In Mexico birria is usually prepare for special occasions like wedding, XV años, Christmas or New Year’s Eve, but I made mine the other day because I had some friends for dinner and I wanted to impress them. Now let’s get to business and let me give you the recipe.
Prep 20 min
Cook around 2 hours
- 1.5 Kg Skirt beef
- 2 pieces bone marrow for flavour
- 5 guajillos chillies deseed
- 2 ancho chillies deseed
- 2 tbsp tomato pure
- 2 garlic cloves peeled
- 2 tomatoes
- 1 onion
- 3 dried bay leaves
- Some thyme
- A pinch Oregano
- 2 cloves
- Salt to taste
- Chopped coriander
- Chopped onion
- Lime wedges
- Spicy Salsa
- Warm corn tortillas
- Shredded lettuce (optional)
- Put the meat, bone marrow, tomatoes, onion and garlic to cook with just enough water covering the meat, add salt to taste. Cook for around 1 hr. then set aside.

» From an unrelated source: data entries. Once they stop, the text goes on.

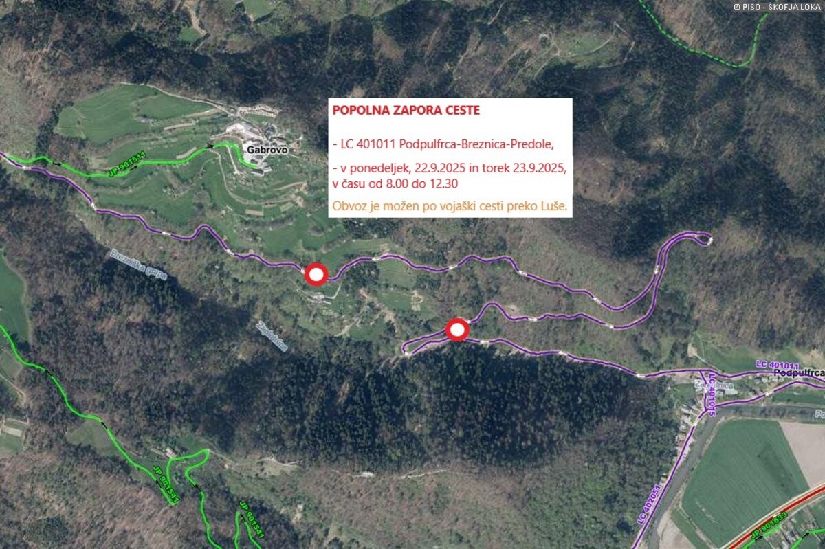 Obveščamo vas o kratkotrajni popolni zapori ceste Podpulfrca-Breznica pod Gabrovim. Prosimo za razumevanje.
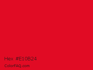 Hex #e10b24 Color is a normal red color and the nearest color is Medium Candy Apple Red #e2062c. Hex code #e10b24 and RGB value is rgb(225,11,36). In RGB color space, this color is composed of 88% red, 4% green, 14% blue, In CMYK color space, this color is composed of 0% cyan, 95% magenta, 84% yellow , 12% black , In HSL color space, this color has a hue angle of 353° , 91% saturation and 46% lightness.
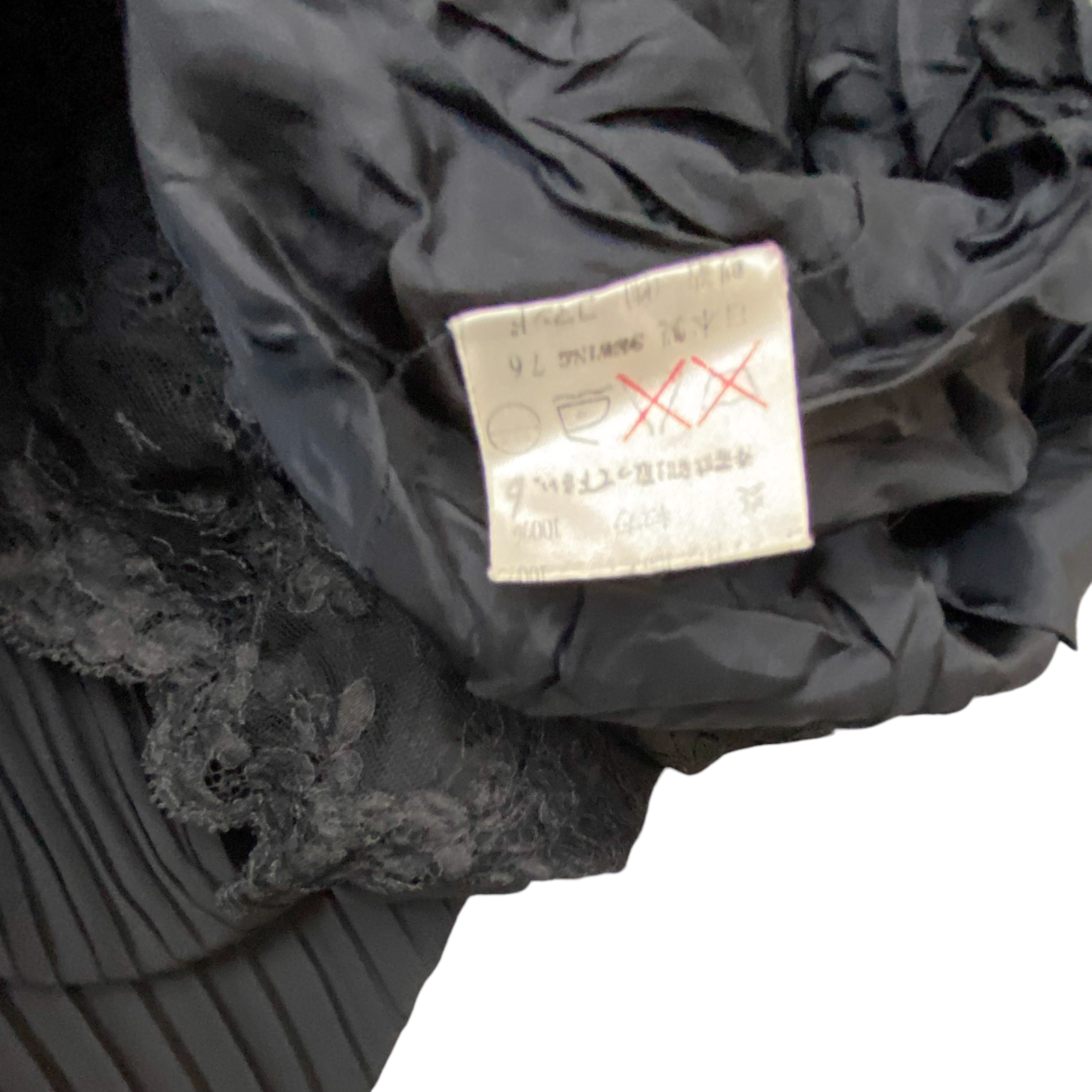 Shift Dress Womens M Black Pleat Midi Casual Short Sleeve Lace Trim Outdoor
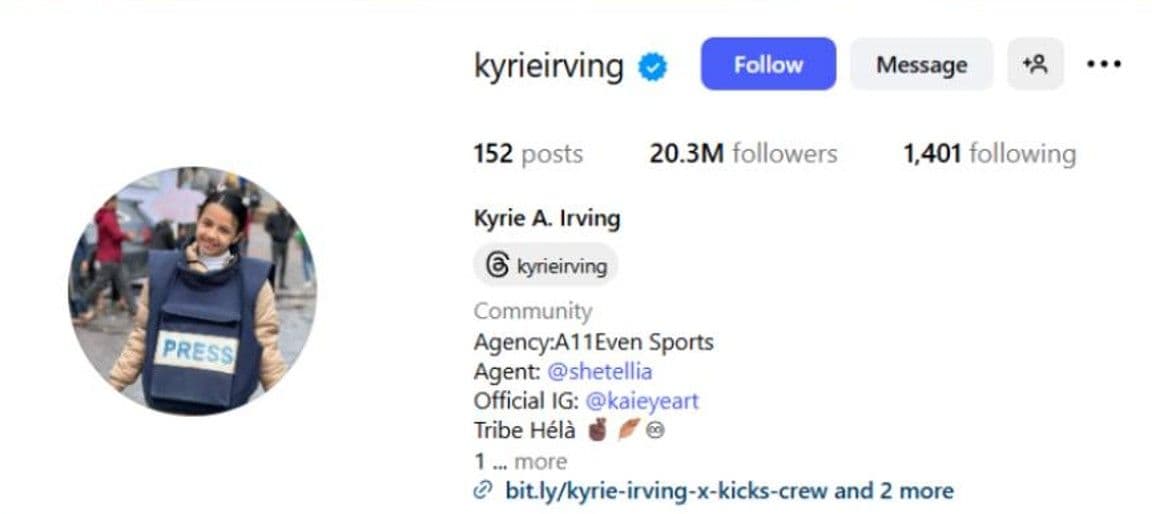 Kyrie Irving daha önce sosyal medya hesabının profiline 24 Mayıs 2025'te İsrail'in düzenlediği hava saldırısında hayatını kaydeden Gazze'nin en genç medya aktivisti olarak tanınan 11 yaşındaki Yaqeen Hammad'ın fotoğrafını koymuştu.
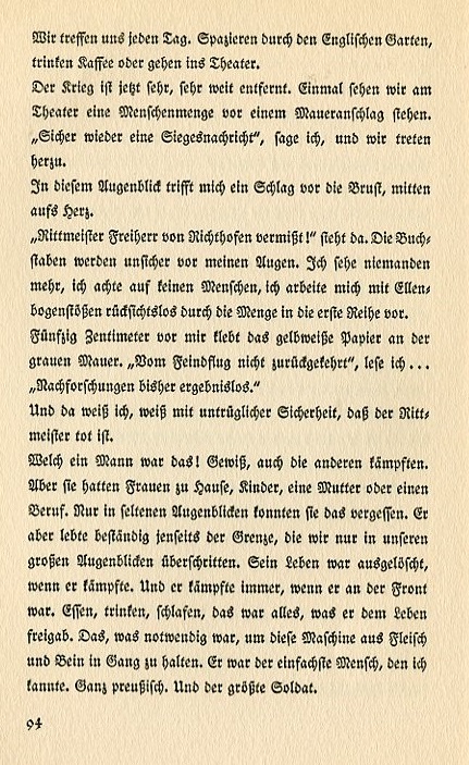 We meet every day, walk through the English garden, drink coffee, or go to the theater. The war is very, very far away. Once at the theater we see a group of people standing in front of a poster. "Certainly another report of victory," I say and we go up to it. At this moment there's a blow to my chest right in the middle of my heart. Cavalry Captain Baron von Richthofen is missing!" it states. The lettering blurs before my eyes. I see no one, I pay heed to no one, I ruthlessly elbow my way to the head of the crowd. Fifty centimeters in front of me hangs the yellow-white paper on the gray wall. "Not Brought Down by Enemy Plane," I read..."To Date Investigation Yields No Information." And then I know, know with unmistakable certainty, that the Cavalry Captain is dead. What a man he was! It's certain too that others also fought. But they had wives at home, children, mothers or careers. Only during rare moments could they forget all that. However he lived right there at the edge to which we only crossed over at intense moments. He forgot his life when he fought. And he always fought whenever he was at the front. Eatting, drinking, sleeping; that was all he allowed himself in life, and only when it was necessary to maintain this physical mechanism. He was the simplest man that I knew. Entirely Prussian, and the ultimate soldier. |
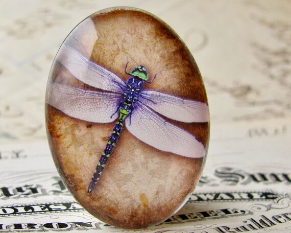 Purple Dragonfly Cabochon On Brown Wallpaper Artisan Crafted Etsy
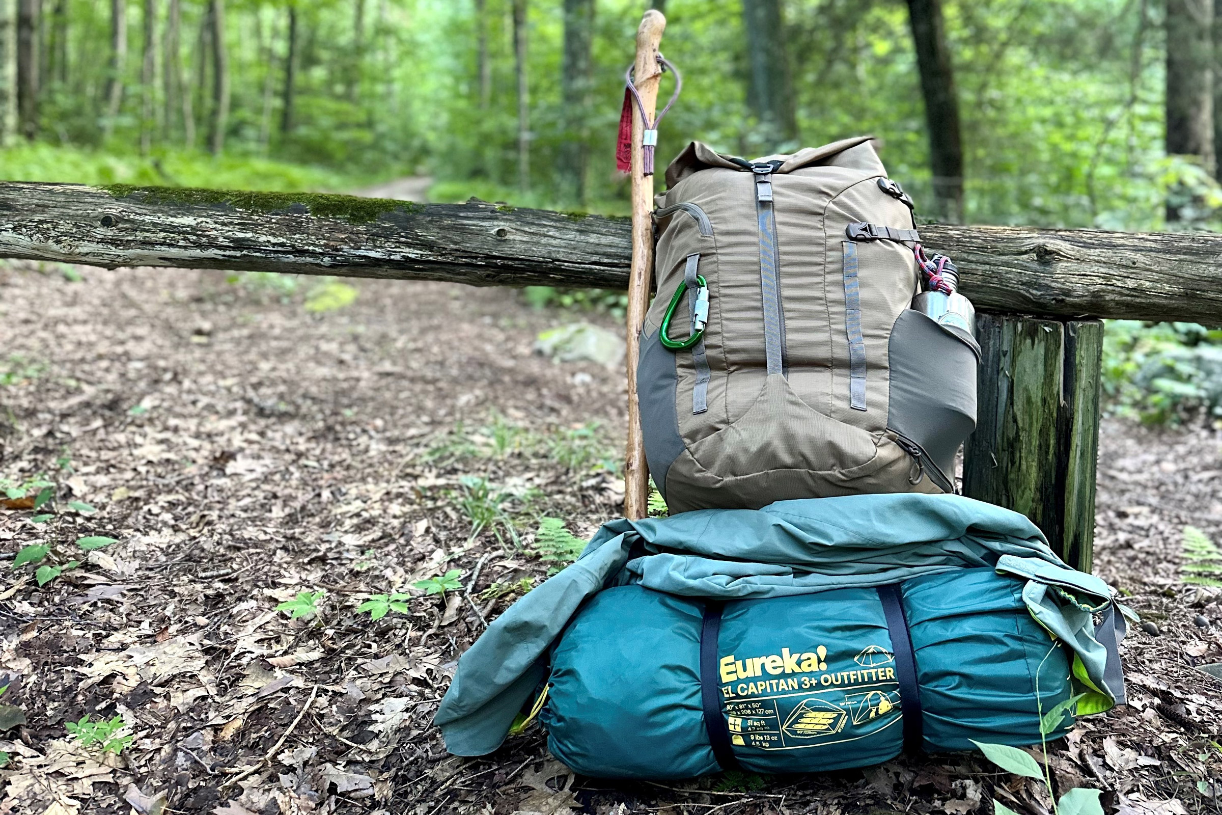 I stuffed my Sierra Designs Backcountry Bed inside the Commander Lite pack and just lashed my Eureka El Capitan 3+ Outfitter to the outside. That way, I was still relatively stable on the trail and opened up more space inside the pack for other gear.
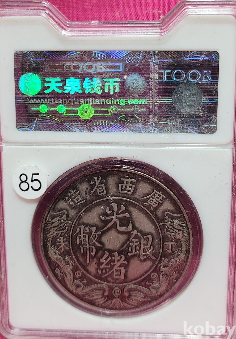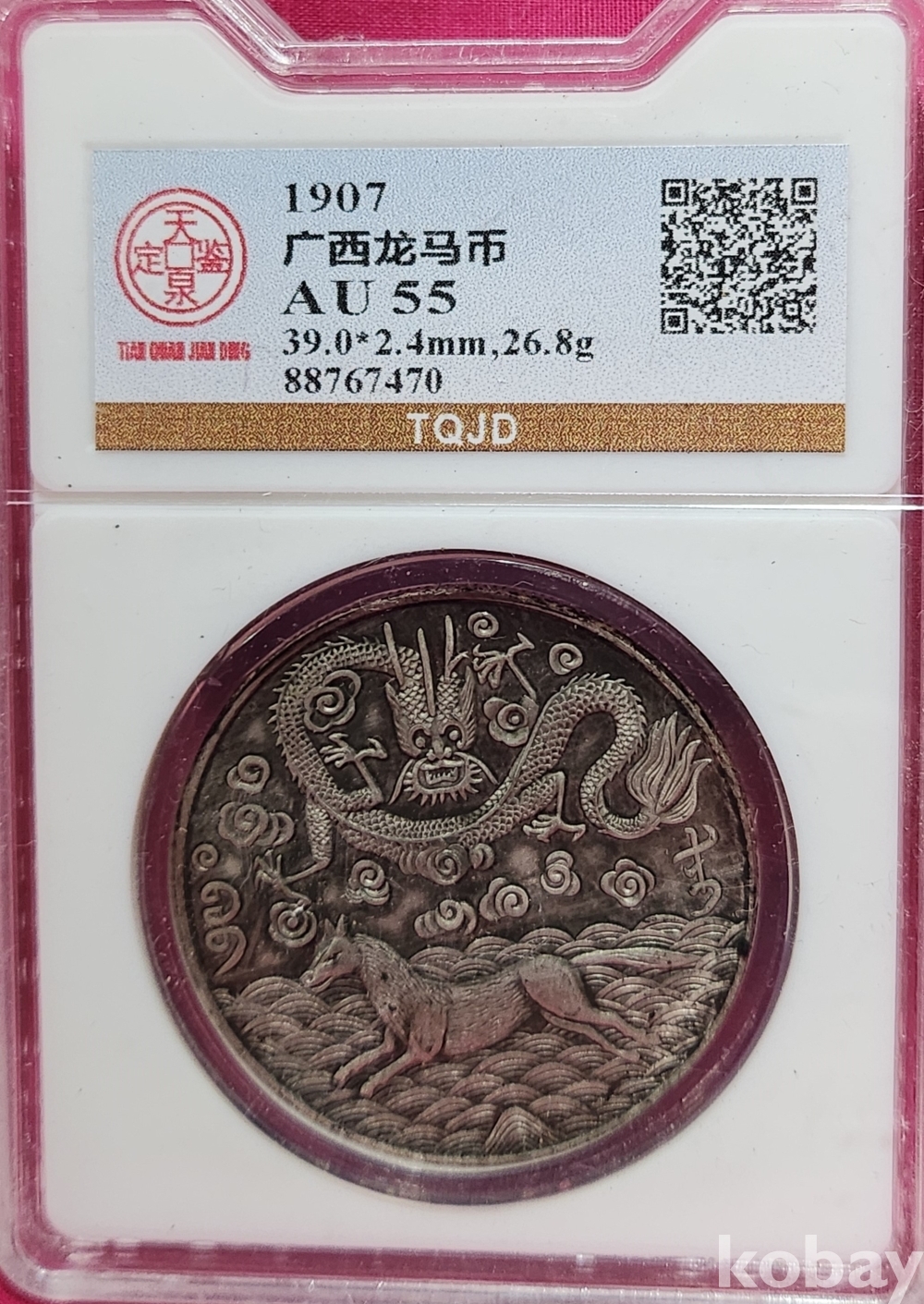 1907년 큐알코드(QR CODE)가 함께하는 은색 광서원보 (光緖元寶) 화패로 밀봉된 상태입니다,

- Soak the chillies in hot water for 5 min and put them in a blender together with the tomatoes, onion and garlic from the meat. Pass the sauce through a sieve to get rid off any skins. Set aside.
- Shred the meat and cut into small pieces, so when your guests are eating the birria do not get long pieces of meat.
- Put the meat back into the broth, remove the bones and add the chilli sauce and all the spices (bay leaves, cloves and thyme).
- Add the tomato purée and cook for around 1 hr or less. Check the salt, if it needs more salt, add at this stage and continue cooking. Remove all the spices before serving.
- Serve it in a bowl like in the picture, garnish with coriander, onion, lime juice, radishes and enjoy with some warm corn tortillas.